If two or more insurers are liable to pay benefits under sections 4 and 10 of this act for the same bodily injury, or death, of any one person, the maximum amount payable shall be as specified in sections 4 and 10 if additional first party coverage applies and any insurer paying the benefits shall be entitled to recover from each of the other insurers, only by inter-company arbitration or inter-company agreement, an equitable pro-rata share of the benefits paid.

Pursuant to this section, two primary carriers possibly may share the PIP obligation to a victim. Where one carrier obtains contribution from another insurer for the PIP benefits paid, the victim effectively could receive PIP benefits under two automobile insurance policies. See N.J.A.C. 11:3-37.12 (Eligibility under two or more automobile policies).*fn1 Yet this does not violate N.J.S.A. 39:6A-4.2 because no double recovery is involved. Prudential's contrary argument misconceives the purpose behind N.J.S.A. 39:6A-4.2, and indeed the entire scheme of the No-Fault Law, which is to promptly provide mandated benefits to the victims of automobile accidents. The obvious reason behind N.J.S.A. 39:6A-4.2 is not to prohibit two automobile insurance policies from being tapped to reach the mandatory

[255 NJSuper Page 529]

PIP limit for a single injury, but to preclude a victim from mulcting the carriers for the same benefits twice.

Indeed, we do not think that in enacting N.J.S.A. 39:6A-4.2 the Legislature ever contemplated or anticipated a case like this involving out-of-state "under-insurance" benefits. Obviously, there can be no under-insurance if New Jersey policies are involved because of the mandatory statutory limits. What the Legislature likely had in mind was a situation involving two coincidentally primary New Jersey PIP policies which it knew to provide identical benefits. N.J.S.A. 39:6A-4.2 was enacted to preclude redundant recovery in such circumstances. We think the statute means no more and no less. The victim here will not obtain redundant benefits from Prudential but merely coverage in excess of what was provided by another source. We conclude that is what the Legislature intended her to have in this situation.

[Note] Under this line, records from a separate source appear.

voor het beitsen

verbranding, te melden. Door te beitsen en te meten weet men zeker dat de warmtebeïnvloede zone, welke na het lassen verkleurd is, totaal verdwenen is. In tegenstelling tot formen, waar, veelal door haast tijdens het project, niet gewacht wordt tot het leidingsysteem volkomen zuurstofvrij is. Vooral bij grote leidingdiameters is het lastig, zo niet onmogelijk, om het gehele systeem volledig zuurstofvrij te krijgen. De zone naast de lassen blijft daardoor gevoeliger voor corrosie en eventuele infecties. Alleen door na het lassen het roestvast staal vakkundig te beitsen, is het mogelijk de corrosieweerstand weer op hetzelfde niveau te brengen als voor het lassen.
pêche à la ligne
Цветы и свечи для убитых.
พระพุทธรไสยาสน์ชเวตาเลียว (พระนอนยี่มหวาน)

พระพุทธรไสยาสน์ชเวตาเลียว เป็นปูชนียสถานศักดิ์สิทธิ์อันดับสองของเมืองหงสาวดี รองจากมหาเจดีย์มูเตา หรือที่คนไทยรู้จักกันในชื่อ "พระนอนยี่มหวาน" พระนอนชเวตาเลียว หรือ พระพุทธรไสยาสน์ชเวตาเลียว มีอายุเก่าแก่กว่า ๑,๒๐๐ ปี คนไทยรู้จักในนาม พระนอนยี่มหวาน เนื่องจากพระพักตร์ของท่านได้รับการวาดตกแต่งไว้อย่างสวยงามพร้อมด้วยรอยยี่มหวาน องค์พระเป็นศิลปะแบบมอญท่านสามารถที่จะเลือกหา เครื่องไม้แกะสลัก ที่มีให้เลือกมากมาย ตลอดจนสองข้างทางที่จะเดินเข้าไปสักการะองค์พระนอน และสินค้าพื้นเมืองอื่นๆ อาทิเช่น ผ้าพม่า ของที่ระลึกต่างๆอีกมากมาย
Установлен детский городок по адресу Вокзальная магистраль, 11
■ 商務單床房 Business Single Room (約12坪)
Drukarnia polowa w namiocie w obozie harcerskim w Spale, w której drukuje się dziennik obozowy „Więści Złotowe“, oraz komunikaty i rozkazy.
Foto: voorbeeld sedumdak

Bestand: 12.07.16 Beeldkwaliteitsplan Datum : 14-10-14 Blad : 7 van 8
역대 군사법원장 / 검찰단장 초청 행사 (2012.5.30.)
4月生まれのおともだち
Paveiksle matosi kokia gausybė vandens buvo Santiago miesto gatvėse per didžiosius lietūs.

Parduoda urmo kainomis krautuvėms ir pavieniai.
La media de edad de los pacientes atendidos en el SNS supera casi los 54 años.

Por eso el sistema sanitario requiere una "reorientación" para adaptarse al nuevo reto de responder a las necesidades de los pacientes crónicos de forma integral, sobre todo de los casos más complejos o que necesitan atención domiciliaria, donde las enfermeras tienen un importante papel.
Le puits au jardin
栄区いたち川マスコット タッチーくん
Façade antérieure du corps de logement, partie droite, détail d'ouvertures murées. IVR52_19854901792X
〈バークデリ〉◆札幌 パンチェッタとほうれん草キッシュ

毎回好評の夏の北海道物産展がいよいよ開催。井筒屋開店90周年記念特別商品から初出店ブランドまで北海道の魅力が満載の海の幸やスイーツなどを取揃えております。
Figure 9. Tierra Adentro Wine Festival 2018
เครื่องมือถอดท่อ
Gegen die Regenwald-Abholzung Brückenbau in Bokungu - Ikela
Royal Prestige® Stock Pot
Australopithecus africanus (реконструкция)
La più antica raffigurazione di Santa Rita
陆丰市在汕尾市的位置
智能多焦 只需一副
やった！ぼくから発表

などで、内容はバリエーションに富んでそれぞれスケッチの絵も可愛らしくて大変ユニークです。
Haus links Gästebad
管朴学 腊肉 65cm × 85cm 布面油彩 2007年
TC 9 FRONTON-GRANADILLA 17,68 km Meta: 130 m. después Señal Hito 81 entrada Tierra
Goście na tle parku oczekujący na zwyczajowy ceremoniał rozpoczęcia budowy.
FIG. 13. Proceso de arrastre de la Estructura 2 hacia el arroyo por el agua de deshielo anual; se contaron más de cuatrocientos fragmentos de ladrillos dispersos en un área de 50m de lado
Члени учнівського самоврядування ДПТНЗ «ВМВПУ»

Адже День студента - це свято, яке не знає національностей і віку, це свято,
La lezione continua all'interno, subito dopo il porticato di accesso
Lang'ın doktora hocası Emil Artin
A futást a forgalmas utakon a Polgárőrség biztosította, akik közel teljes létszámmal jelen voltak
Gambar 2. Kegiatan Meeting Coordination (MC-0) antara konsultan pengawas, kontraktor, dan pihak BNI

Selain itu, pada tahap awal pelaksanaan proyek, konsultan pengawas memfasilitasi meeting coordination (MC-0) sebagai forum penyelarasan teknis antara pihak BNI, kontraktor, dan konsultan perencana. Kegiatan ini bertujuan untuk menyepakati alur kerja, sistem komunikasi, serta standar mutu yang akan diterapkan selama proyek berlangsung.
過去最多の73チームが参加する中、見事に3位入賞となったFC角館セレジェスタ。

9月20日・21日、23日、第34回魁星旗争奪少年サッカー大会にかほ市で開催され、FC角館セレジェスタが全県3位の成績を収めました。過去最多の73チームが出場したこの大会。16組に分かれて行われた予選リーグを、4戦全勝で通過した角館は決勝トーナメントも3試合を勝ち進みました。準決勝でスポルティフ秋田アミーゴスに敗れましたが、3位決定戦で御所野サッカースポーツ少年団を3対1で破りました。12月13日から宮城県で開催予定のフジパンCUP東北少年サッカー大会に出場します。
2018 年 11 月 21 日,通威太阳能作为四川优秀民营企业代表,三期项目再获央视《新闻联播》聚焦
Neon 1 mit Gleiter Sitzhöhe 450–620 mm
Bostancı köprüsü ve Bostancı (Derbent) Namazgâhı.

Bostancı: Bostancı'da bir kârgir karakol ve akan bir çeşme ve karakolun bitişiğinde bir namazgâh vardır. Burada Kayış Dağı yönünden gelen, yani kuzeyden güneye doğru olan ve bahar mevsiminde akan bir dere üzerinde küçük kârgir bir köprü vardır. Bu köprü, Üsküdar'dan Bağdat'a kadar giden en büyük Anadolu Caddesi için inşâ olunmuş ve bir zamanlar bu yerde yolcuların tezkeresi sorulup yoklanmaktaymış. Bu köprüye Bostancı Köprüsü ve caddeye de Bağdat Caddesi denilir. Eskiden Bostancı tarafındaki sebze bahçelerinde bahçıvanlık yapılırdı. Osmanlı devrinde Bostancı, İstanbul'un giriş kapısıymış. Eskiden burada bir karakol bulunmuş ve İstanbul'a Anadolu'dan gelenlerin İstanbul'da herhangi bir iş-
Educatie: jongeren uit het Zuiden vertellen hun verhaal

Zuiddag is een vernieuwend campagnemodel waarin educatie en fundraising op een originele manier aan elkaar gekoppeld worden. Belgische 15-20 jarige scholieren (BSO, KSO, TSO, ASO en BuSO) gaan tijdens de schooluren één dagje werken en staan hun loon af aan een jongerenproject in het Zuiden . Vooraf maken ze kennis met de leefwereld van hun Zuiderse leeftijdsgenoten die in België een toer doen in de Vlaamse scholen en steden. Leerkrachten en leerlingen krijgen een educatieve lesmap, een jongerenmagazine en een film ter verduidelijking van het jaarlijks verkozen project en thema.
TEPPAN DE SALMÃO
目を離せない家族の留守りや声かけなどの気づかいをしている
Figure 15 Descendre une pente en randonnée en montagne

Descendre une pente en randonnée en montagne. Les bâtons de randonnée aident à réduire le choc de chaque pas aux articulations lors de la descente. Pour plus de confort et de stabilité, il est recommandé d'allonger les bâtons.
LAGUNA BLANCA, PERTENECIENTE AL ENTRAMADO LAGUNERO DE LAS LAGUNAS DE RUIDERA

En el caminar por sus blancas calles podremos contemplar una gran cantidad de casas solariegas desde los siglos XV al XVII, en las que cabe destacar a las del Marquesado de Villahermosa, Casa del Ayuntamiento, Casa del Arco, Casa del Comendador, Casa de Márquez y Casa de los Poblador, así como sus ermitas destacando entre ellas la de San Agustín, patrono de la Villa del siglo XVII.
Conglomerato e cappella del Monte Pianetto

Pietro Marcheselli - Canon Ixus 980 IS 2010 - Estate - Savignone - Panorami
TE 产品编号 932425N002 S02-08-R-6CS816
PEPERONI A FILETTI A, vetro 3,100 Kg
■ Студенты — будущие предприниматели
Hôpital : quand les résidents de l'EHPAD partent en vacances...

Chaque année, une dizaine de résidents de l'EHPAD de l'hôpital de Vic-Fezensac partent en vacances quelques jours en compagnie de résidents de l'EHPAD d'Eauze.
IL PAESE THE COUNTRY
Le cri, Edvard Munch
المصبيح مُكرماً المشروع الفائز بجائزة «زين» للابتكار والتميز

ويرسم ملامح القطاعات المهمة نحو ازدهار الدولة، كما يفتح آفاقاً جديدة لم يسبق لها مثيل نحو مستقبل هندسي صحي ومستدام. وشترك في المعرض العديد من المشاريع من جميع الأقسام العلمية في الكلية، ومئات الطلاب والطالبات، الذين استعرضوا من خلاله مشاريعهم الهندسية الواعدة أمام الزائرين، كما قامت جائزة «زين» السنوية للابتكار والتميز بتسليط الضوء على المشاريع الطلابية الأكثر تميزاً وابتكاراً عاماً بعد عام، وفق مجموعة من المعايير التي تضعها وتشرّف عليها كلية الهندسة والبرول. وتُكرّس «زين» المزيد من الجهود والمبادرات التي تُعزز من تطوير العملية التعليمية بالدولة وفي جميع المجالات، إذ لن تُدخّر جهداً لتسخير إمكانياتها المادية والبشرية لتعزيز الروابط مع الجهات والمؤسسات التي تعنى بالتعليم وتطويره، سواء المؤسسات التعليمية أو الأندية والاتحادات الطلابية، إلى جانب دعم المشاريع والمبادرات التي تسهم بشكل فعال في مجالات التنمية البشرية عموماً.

We find no suggestion in the statutory scheme that our Legislature intended to treat New Jersey passengers differently or better than non-resident passengers, or to limit the rights of nonresident occupants who had exercised options for less than maximum benefits under their home state's insurance schemes.

Prudential should receive credit for the first $10,000 paid by Allstate. Reversed and remanded for further proceedings consistent with this opinion.